De ser así, como dice Felipe González, lo relevante es que los imperios sepan serlo, es decir que asuman su carácter civilizatorio con inteligencia. Ese es el vértice de la discusión de hoy. Como en pocas ocasiones y a partir de la invasión de Irak, la polémica se centra en el hecho de que las acciones de George W. Bush son las de un guerrero pedestre, sin estrategia, sin visión, repleto de fobias, que nada tiene que ver con un plan civilizatorio. Sin los armamentos de destrucción masiva como prueba la invasión de Irak queda como un atropello contra un pueblo gobernado, eso sí, por un dictador terrible como hay muchos. Pero el camino seguido no puede ser fórmula. Imborrable para la historia será la forma como Bush atropelló el derecho internacional y a Naciones Unidas. Kerry no es menos imperial que el Presidente texano, pero sí plantea una estrategia —fortalecimiento del multilateralismo, alianza amplia, identificación del verdadero enemigo— con una visión que va más allá de una equívoca venganza.

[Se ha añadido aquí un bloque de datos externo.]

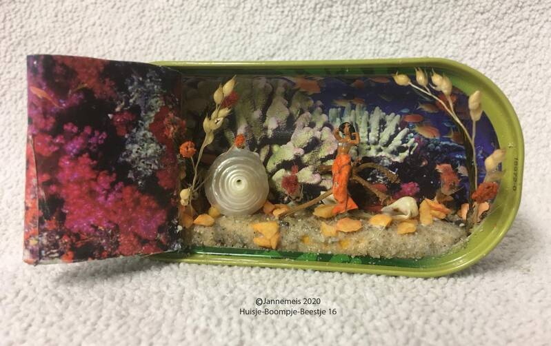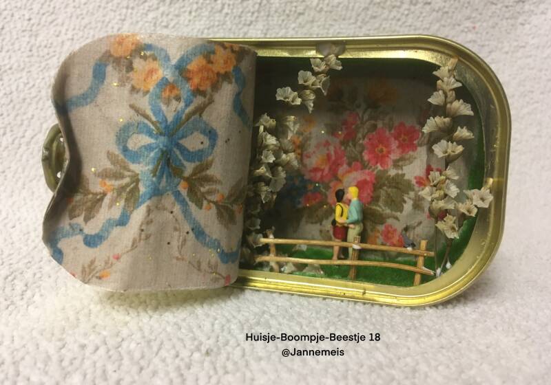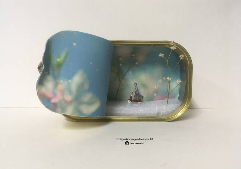 Een ansjovisblikje met opa en kleinkind in de sneeuw

Una de las confusiones repetidas de los imperios es pensar que pueden caminar solos en el mundo. ¿Qué se piensa en otras latitudes de las acciones guerreras de Bush? La respuesta está en el espléndido ejercicio de encuestas múltiples en diez países
—México a través de Reforma— que retrata un evidente rechazo ciudadano a Bush. Aunque sólo los ciudadanos estadounidenses votan en EU, el inédito ejercicio es un termómetro que mide una resistencia real. Pero faltaban los conceptos. Es allí cuando aparece el Presidente español que no deja de sorprender. Ante la Asamblea General de Naciones Unidas Rodríguez Zapatero lanzó una espléndida pieza. Haber sufrido la guerra civil, la dictadura, las dificultades para construir una democracia, pero sobre todo décadas de terrorismo, le dan a la voz de España un gran peso. “Treinta años resistiendo al terrorismo nos han enseñado que el mayor riesgo de una victoria de los terroristas se produce cuando para luchar contra el terror la democracia traiciona su propia esencia”. Sigue la advertencia directa a Bush, la traición consiste en que “...los Estados limitan las libertades, cuestionan las garantías judiciales o realizan operaciones militares preventivas... es con la legalidad, la democracia y la política como somos más fuertes y ellos más débiles”. De allí el Presidente de España pasó a exigir racionalidad en el combate al terrorismo: sólo corregir las grandes injusticias privará a los terroristas de sustento popular. Ganar la paz supone restablecer la soberanía de Irak, encauzar la democracia y fomentar la prosperidad. Haber sido imperio deja enseñanzas.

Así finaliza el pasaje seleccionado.